A Novel DLL1-Anti-CD19 Chimeric Protein Effectively Targets Notch Activation to B-Cell Acute Lymphoblastic Leukemia and Induces Cell Death

Background: Acute lymphoblastic leukemia (ALL) is the most prevalent form of cancer in children, and those who relapse continue to have poor survival. Therefore, the development of improved and specifically targeted treatment options is vital. The Notch pathway has been shown to act as a tumor suppressor in B-ALL via cell type specific induction of growth-inhibiting and pro-apoptotic pathways. In this study, we aim to therapeutically activate Notch signaling in B-ALL via targeting the Notch ligand DLL1 to B cells using an anti-CD19 scFv chimeric protein.
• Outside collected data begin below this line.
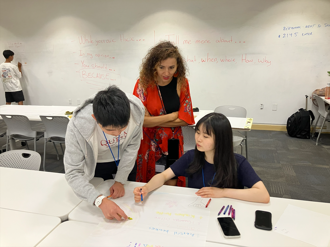 京都先端科学大学附属中学校・高等学校と連携。探究学習の成果を英語でプレゼンテーションするなど、グローバルな学びのカリキュラムをつくる活動に2022年度より参加しています。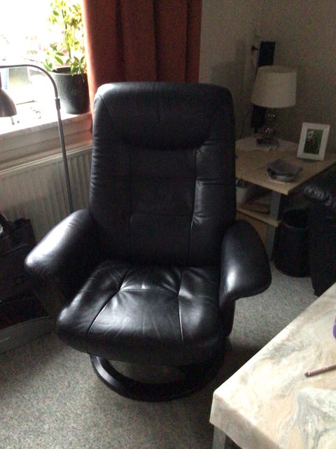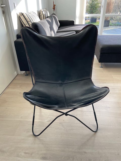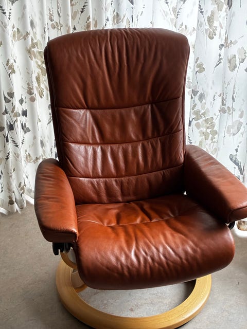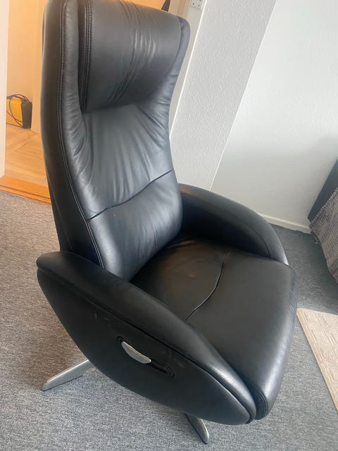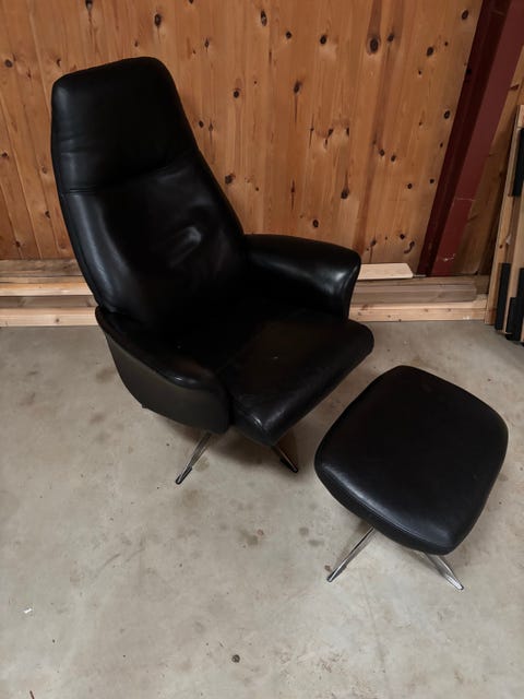 Læderlænestol + puf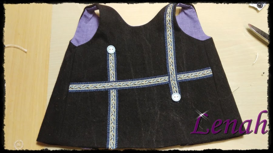 Le damos la vuelta y cerramos los lados,como os enseñe,cada uno por su lado.....acordaros de planchar...cuando cosemos los hombros...cuando cosamos cualquier cosa.....plancha.....Le puse unos botones para tapar las terminaciones de la pasamanería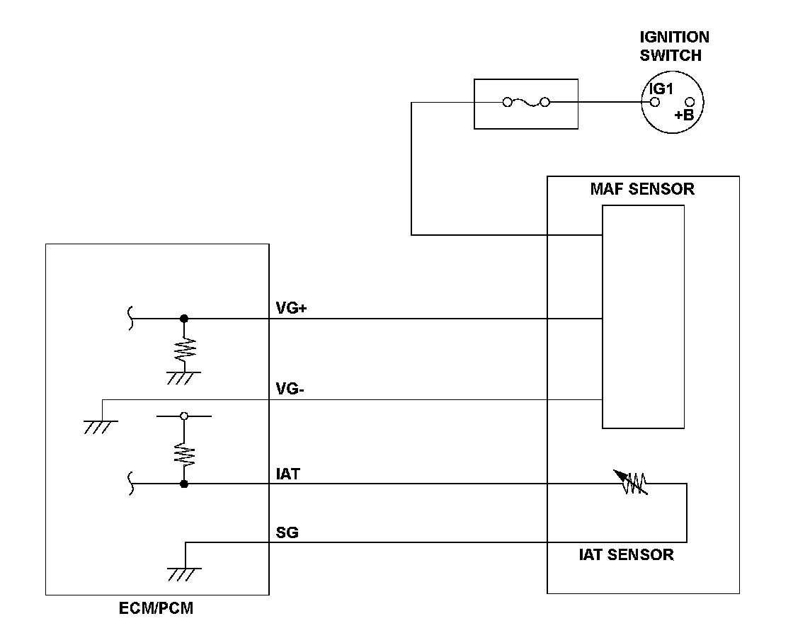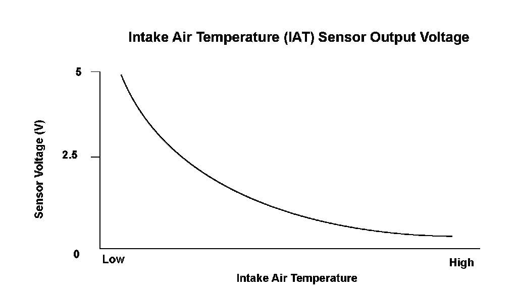 The intake air temperature (IAT) sensor is a thermistor that detects intake air temperature, and it is used for air/fuel ratio feedback control to compensate for the atmospheric density fluctuations that accompany changes in intake air temperature. The IAT sensor resistance varies depending on temperature. The output voltage and the sensor resistance increase as the intake air temperature decreases. Conversely, the output voltage and the sensor resistance decrease as the intake air temperature increases. If the IAT sensor output voltage is excessively low, the engine control module (ECM)/powertrain control module (PCM) detects a malfunction and stores a DTC.
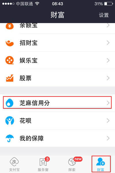 2,然后在财富页面下方找到“芝麻信用分”,点击进入,如下图所示: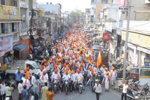 रतलाम। महाशिवरात्रि पर्व के उपलक्ष्य में शनिवार को शहर की जवाहर व्यायामशाला परिवार अम्बर ग्रुप द्वारा साफा रैली निकाली गई। रैली ने 4 किमी की दूरी 3 घंटे में तय की, रैली में डीजे की धून पर मोटरसाइकिल पर सवार होकर हजारों की संख्या में युवा केसरिया साफा बांधकर चल रहें थे। रैली में मातृ शक्ति भी उत्साह के साथ शामिल हुई। इस वर्ष जोधपुर और पाली राजस्थान से लगभग 5000 साफे मंगवाए गए।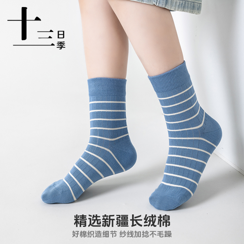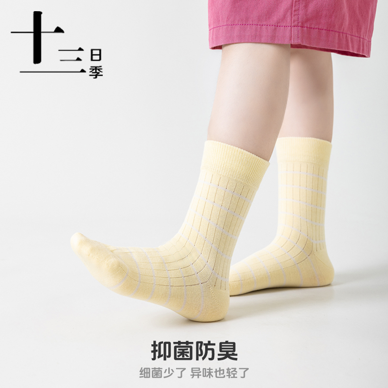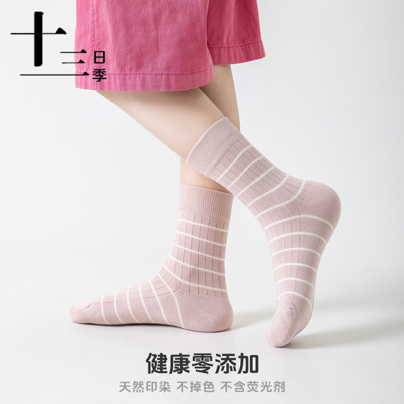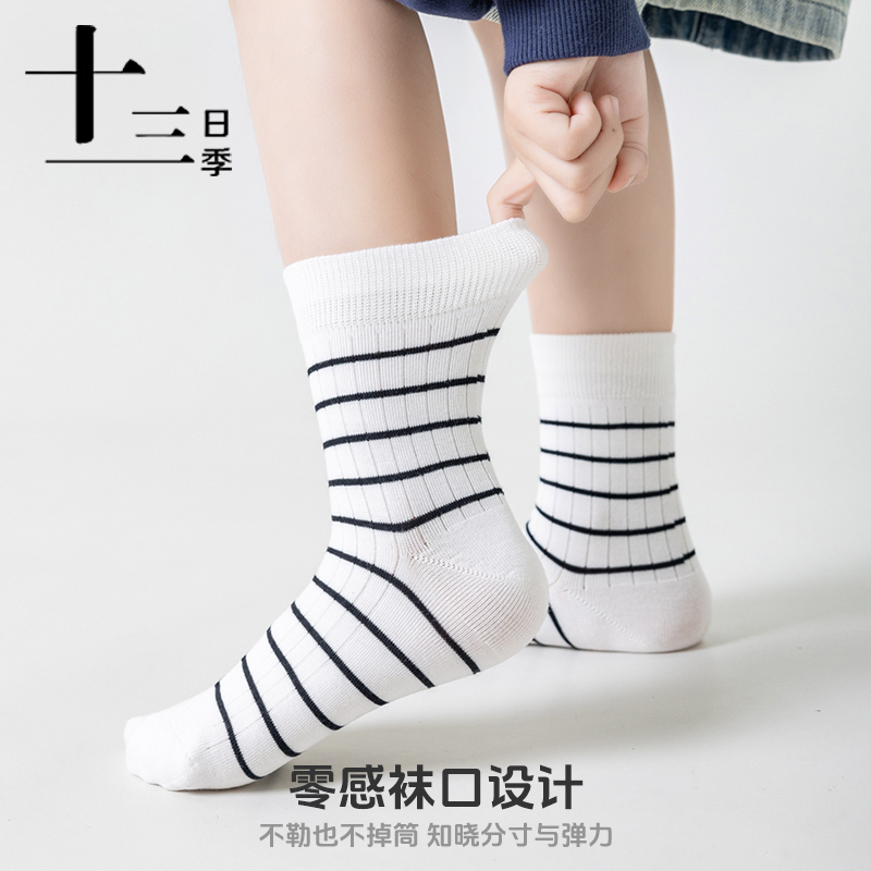 十三日季儿童袜春夏季纯棉抑菌防臭吸汗透气运动休闲条纹中筒袜子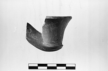 | Description: | Part of rim and stem end of stem socket broken away. It has a bowl reduced to a small button disk, high flaring cup-like rim, keel bottom and flaring stem socket. A row of rouletting decoration at base of rim, and an impressed floral (?) pattern up the front of the rim. On stem socket, right, a seal. Orange clay, red slip. | |
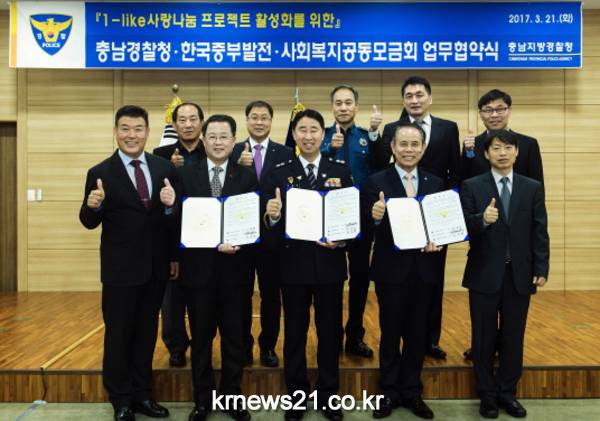 한국중부발전(사장 정창길)은 3월 21일(화) 충남지방경찰청, 충남사회복지공동모금회와 공동으로 범죄피해자에 대한 지원을 위한 ‘1(아이)-like 사랑나눔’ 프로젝트 협약을 체결하였다.

Methods: A soluble chimeric protein composed of the extracellular domain of the Notch ligand DLL1 linked to a validated anti-CD19 scFv was isolated from HEK-293 producer cells. Human B-ALL (SB, Nalm6) and T-ALL (Jurkat) lines were treated with DLL1-anti-CD19scFv chimeric protein, and expression of the Notch target gene HES1 and effects on cell growth and survival were measured.

Results: Both B- and T-ALL lines express Notch1 and Notch2 receptors on the cell surface. Exposure of B-ALL cells to DLL1-anti-CD19scFv chimeric protein led to an increase of Notch signaling, measured via 3-14 fold increase in HES1 mRNA expression. As expected, surface expression of the Notch receptors decreased upon chimera exposure, as Notch receptors are cleaved and destroyed upon activation. Importantly, exposure of the B-ALL lines to the chimeric protein led to a maximum 60% decrease in cell counts over 3-4 days, in contrast to T-ALL, where exposure did not effect growth significantly.

Conclusions: This study demonstrates that Notch signaling can be feasibly activated in human B-ALL cells through a soluble DLL1-anti-CD19 scFv chimeric protein. Activation of Notch signaling via this method leads to growth inhibition and cell death in B-ALL, but not T-ALL cells. Based on our findings, we suggest that this soluble DLL1-anti-CD19 chimera may be a potential therapeutic approach for B-ALL, and further in vivo testing is warranted.